Write out every entry below exactly as it appears. Pictures do not belong in the copy.
*** Block opens ***
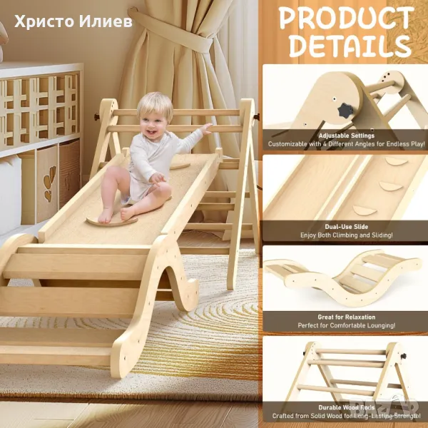 УНИВЕРСАЛЕН КОМПЛЕКТ ЗА ИГРА MONTESORI Този комплект "всичко в едно" включва стълба за катерене, имитация на стена за катерене, пързалка, катерушка с лък и постелка. Той е предназначен да насърчава физическото развитие, баланса, координацията и семейните връзки, което го прави перфектният подарък за малки деца.
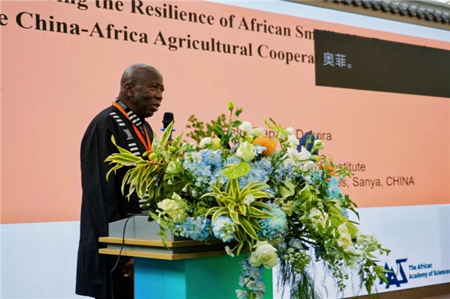 主旨分享环节,嘉宾们各抒己见。中国工程院外籍院士 菲利克斯·达科拉(Felix Dakora) 围绕“中非农业合作提升非洲小农韧性”,剖析非洲农业面临的技术、基础设施及气候挑战,提出中非农业项目联合运营等解决方案;国际农业研究磋商组织(CGIAR)中国办公室主任贡锡锋介绍了CGIAR的资源优势与合作成果,强调多边农业科技组织在全球创新资源链接、标准互认等方面的核心作用;丝绸之路城市联盟"一带一路"农专委创始人、农业农村部国际合作司原副司长赵维宁指出,农业国际合作是中国农业高质量发展的“加速器”,也是沿线国家筑牢粮食安全防线的“金钥匙”;“一带一路”农专委运营中心负责人、江苏天禾温室科技有限公司董事长赵健详解了运营中心的定位与未来规划。
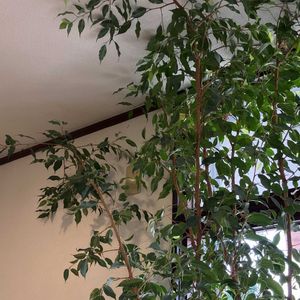 今日のお花 ベンジャミン 過去pic2024/2/1に投稿した写真にいいねをいただき、今日のお花は、ベンジャミンだということに気がつきました。 慌てて、今写真撮って投稿です😅 その過去picは、親株がダメになり、挿し木した子と娘のところのベンジャミンを預かっていた写真でした。 両方とも長いこと植え替えせずにいましたが、娘達が去年春にアメリカから戻ってきて、預かっていたベンジャミンを返そうとしたら、要らないと言われたので、我が家のと娘のベンジャミンを去年春に植え替えて一緒にしたのが、現在の姿です。 3本の木が一つの鉢に植えてあります。天井まで届くほど育っていた親株ほどではないのですが、随分大きくなりました。 室内で年中管理してます🤗
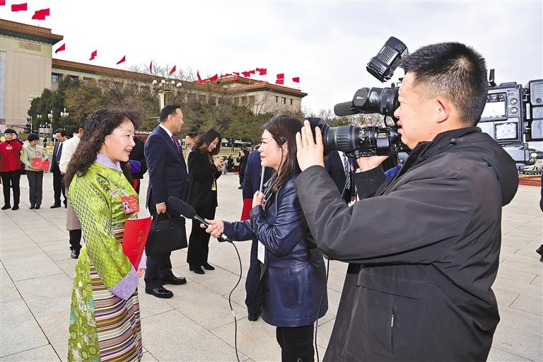 圖西藏全國人大代表白瑪措在接受區(qū)內媒體采訪。
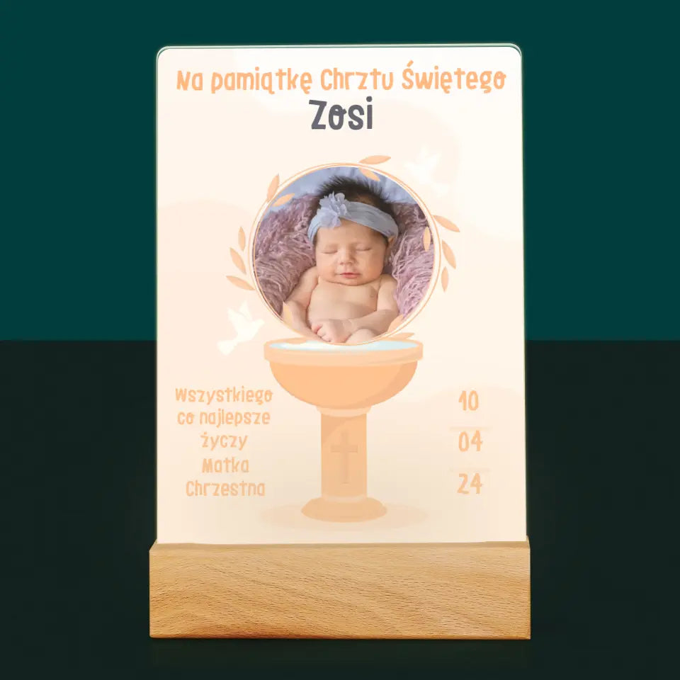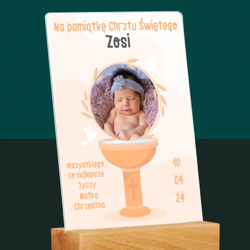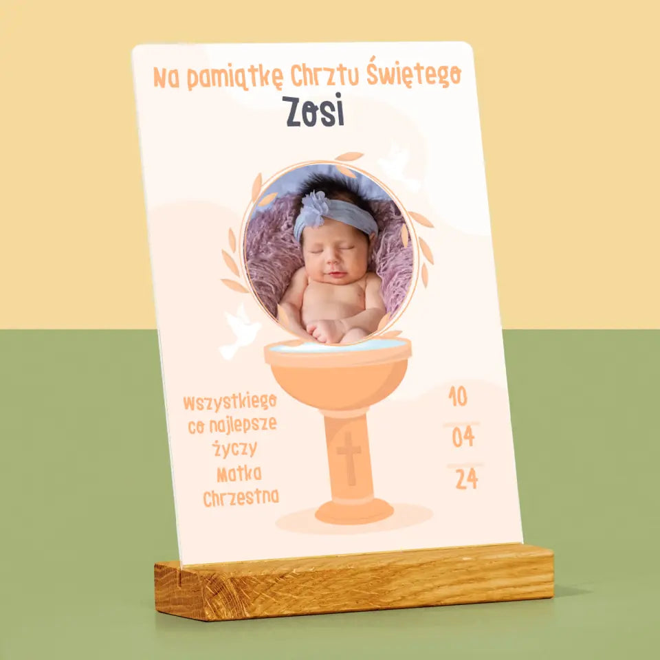 Zdjęcie i Podpis: Na Pamiątkę Chrztu Świętego - Wydruk na szkle akrylowym
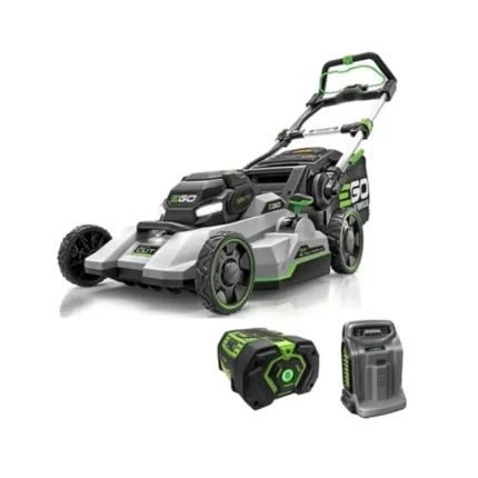 The EGO POWER+ 21″ Select Cut™ XP Self-Propelled Mower delivers 8.3 foot-pounds of torque that exceeds the power of gas without the noise, fuss, or fumes. The Select Cut™ Multi-Blade Cutting System is equipped with three interchangeable lower blades: the Mulching Blade, High Lift Bagging Blade, and Extended Runtime Blade. The Mulching Blade comes installed on the lawn mower and is ideal for weekly mulching, giving you the mulching quality expected from a high-end gas lawn mower. The High Lift Bagging Blade provides extra suction ideal for bagging, leaving your yard free of clippings. The Extended Runtime Blade provides an optimal balance of cut quality and runtime for all around performance. All three blades can be used interchangeably based on your desired cut. The Upper Blade is used in combination with the lower blade chosen to slice the grass into fine fragments, greatly enhancing cutting performance with all grass types. EGO Touch Drive™ self-propelled technology puts complete control of the self-propel system in the palm of your hands by using pressure to engage the system. Easily control the variable speed with a dial positioned at your fingertips for safe and convenient operation. The Select Cut™ XP cordless lawn mower harnesses the power of the industry’s most advanced 56V ARC Lithium™ batteries to deliver up to 75 minutes of runtime on a single charge with the recommended 10.0Ah battery (available separately). Three-in-one functionality delivers your choice of mulching, side discharge, or bagging your grass clippings; an easy-access two-bushel grass collection bag is included. This electric lawn mower includes bright LED lights for added visibility when mowing at dawn or dusk, and it folds for compact storage between cuts. Experience Power Beyond Belief™ with the EGO POWER+ 21″ Select Cut™ XP Self-Propelled Lawn Mower.
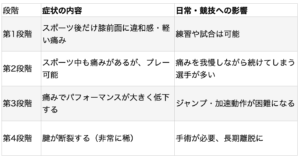 ジャンパー膝は、進行段階によって症状が少しずつ変わっていきます。以下のような4段階モデルで考えられることが多いです。
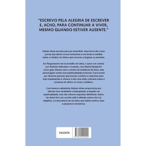 “Escrevo pela alegria de escrever e, acho, para continuar a viver, mesmo quando estiver ausente.” – Rubem Alves Rubem Alves escreve para ser entendido. Seus livros são como portas que abrem novos horizontes e nos levam a meditar sobre o mistério do divino sem recorrer a dogmas ou sermões. Em Perguntaram-me se acredito em Deus , o autor nos conduz por histórias delicadas e tocantes, com Mestre Benjamim como guia. Mesmo sem a certeza da existência de Deus, esse personagem revela uma espiritualidade profunda. É procurado por diversas pessoas que buscam conforto e respostas para suas inquietações e oferece a elas uma visão cativante sobre a presença do divino no nosso cotidiano. Com leveza e sabedoria, Rubem Alves proporciona aos leitores uma verdadeira contemplação a respeito da espiritualidade, mas não oferece respostas definitivas; assim, faz deste livro um convite sutil à reflexão sobre a fé e as religiões, e à descoberta de um Deus que habita sonhos, lutas e pequenos momentos. Marca: PAIDOS - PLANETA
*** Block closes ***
**Written answer:**
 УНИВЕРСАЛЕН КОМПЛЕКТ ЗА ИГРА MONTESORI Този комплект "всичко в едно" включва стълба за катерене, имитация на стена за катерене, пързалка, катерушка с лък и постелка. Той е предназначен да насърчава физическото развитие, баланса, координацията и семейните връзки, което го прави перфектният подарък за малки деца.
 主旨分享环节,嘉宾们各抒己见。中国工程院外籍院士 菲利克斯·达科拉(Felix Dakora) 围绕“中非农业合作提升非洲小农韧性”,剖析非洲农业面临的技术、基础设施及气候挑战,提出中非农业项目联合运营等解决方案;国际农业研究磋商组织(CGIAR)中国办公室主任贡锡锋介绍了CGIAR的资源优势与合作成果,强调多边农业科技组织在全球创新资源链接、标准互认等方面的核心作用;丝绸之路城市联盟"一带一路"农专委创始人、农业农村部国际合作司原副司长赵维宁指出,农业国际合作是中国农业高质量发展的“加速器”,也是沿线国家筑牢粮食安全防线的“金钥匙”;“一带一路”农专委运营中心负责人、江苏天禾温室科技有限公司董事长赵健详解了运营中心的定位与未来规划。
 今日のお花 ベンジャミン 過去pic2024/2/1に投稿した写真にいいねをいただき、今日のお花は、ベンジャミンだということに気がつきました。 慌てて、今写真撮って投稿です😅 その過去picは、親株がダメになり、挿し木した子と娘のところのベンジャミンを預かっていた写真でした。 両方とも長いこと植え替えせずにいましたが、娘達が去年春にアメリカから戻ってきて、預かっていたベンジャミンを返そうとしたら、要らないと言われたので、我が家のと娘のベンジャミンを去年春に植え替えて一緒にしたのが、現在の姿です。 3本の木が一つの鉢に植えてあります。天井まで届くほど育っていた親株ほどではないのですが、随分大きくなりました。 室内で年中管理してます🤗
 圖西藏全國人大代表白瑪措在接受區(qū)內媒體采訪。
 Zdjęcie i Podpis: Na Pamiątkę Chrztu Świętego - Wydruk na szkle akrylowym
 The EGO POWER+ 21″ Select Cut™ XP Self-Propelled Mower delivers 8.3 foot-pounds of torque that exceeds the power of gas without the noise, fuss, or fumes. The Select Cut™ Multi-Blade Cutting System is equipped with three interchangeable lower blades: the Mulching Blade, High Lift Bagging Blade, and Extended Runtime Blade. The Mulching Blade comes installed on the lawn mower and is ideal for weekly mulching, giving you the mulching quality expected from a high-end gas lawn mower. The High Lift Bagging Blade provides extra suction ideal for bagging, leaving your yard free of clippings. The Extended Runtime Blade provides an optimal balance of cut quality and runtime for all around performance. All three blades can be used interchangeably based on your desired cut. The Upper Blade is used in combination with the lower blade chosen to slice the grass into fine fragments, greatly enhancing cutting performance with all grass types. EGO Touch Drive™ self-propelled technology puts complete control of the self-propel system in the palm of your hands by using pressure to engage the system. Easily control the variable speed with a dial positioned at your fingertips for safe and convenient operation. The Select Cut™ XP cordless lawn mower harnesses the power of the industry’s most advanced 56V ARC Lithium™ batteries to deliver up to 75 minutes of runtime on a single charge with the recommended 10.0Ah battery (available separately). Three-in-one functionality delivers your choice of mulching, side discharge, or bagging your grass clippings; an easy-access two-bushel grass collection bag is included. This electric lawn mower includes bright LED lights for added visibility when mowing at dawn or dusk, and it folds for compact storage between cuts. Experience Power Beyond Belief™ with the EGO POWER+ 21″ Select Cut™ XP Self-Propelled Lawn Mower.
 ジャンパー膝は、進行段階によって症状が少しずつ変わっていきます。以下のような4段階モデルで考えられることが多いです。
 “Escrevo pela alegria de escrever e, acho, para continuar a viver, mesmo quando estiver ausente.” – Rubem Alves Rubem Alves escreve para ser entendido. Seus livros são como portas que abrem novos horizontes e nos levam a meditar sobre o mistério do divino sem recorrer a dogmas ou sermões. Em Perguntaram-me se acredito em Deus , o autor nos conduz por histórias delicadas e tocantes, com Mestre Benjamim como guia. Mesmo sem a certeza da existência de Deus, esse personagem revela uma espiritualidade profunda. É procurado por diversas pessoas que buscam conforto e respostas para suas inquietações e oferece a elas uma visão cativante sobre a presença do divino no nosso cotidiano. Com leveza e sabedoria, Rubem Alves proporciona aos leitores uma verdadeira contemplação a respeito da espiritualidade, mas não oferece respostas definitivas; assim, faz deste livro um convite sutil à reflexão sobre a fé e as religiões, e à descoberta de um Deus que habita sonhos, lutas e pequenos momentos. Marca: PAIDOS - PLANETA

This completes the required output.